My data are: $x_1,x_2,\ldots, x_{n_1}\sim N(\mu_1, \sigma)$ and $y_1,y_2,\ldots, y_{n_2}\sim N(\mu_2, \sigma)$

BF is a ratio of two marginal likelihoods, so I have to get $$M_H=\int_{\mu\in M_1} f_H(\mu;y)p_H(\mu)d\mu,$$ where $M_i$ is a parameter space under hypothesis $H_0$ or $H_1$, $f_H$ is a probability density function of the data under hypothesis $H$, $p_H$ is a prior distribution on the parameters.
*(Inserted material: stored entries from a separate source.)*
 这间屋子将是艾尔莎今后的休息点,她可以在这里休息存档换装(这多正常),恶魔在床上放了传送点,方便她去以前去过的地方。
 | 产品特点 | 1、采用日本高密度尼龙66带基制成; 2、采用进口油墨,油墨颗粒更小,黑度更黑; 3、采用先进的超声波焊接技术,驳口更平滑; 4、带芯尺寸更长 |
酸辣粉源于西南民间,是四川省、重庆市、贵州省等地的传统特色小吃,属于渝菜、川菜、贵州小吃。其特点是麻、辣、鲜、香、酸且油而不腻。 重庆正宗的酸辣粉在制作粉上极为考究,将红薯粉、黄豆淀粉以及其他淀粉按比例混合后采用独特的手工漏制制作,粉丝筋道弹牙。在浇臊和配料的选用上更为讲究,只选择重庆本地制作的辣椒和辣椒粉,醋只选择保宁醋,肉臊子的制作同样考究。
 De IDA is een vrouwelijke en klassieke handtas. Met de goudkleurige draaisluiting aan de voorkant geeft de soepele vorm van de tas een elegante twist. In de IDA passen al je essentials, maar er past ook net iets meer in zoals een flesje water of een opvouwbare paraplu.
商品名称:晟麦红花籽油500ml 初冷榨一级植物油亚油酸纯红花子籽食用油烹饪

I need to choose prior on $\mu$ (and I do this later) and also let's assume that $\sigma$ is known and equal to both groups (for ease of calculations). The point which I stuck in is how to calculate likelihood for two groups coming from different distributions.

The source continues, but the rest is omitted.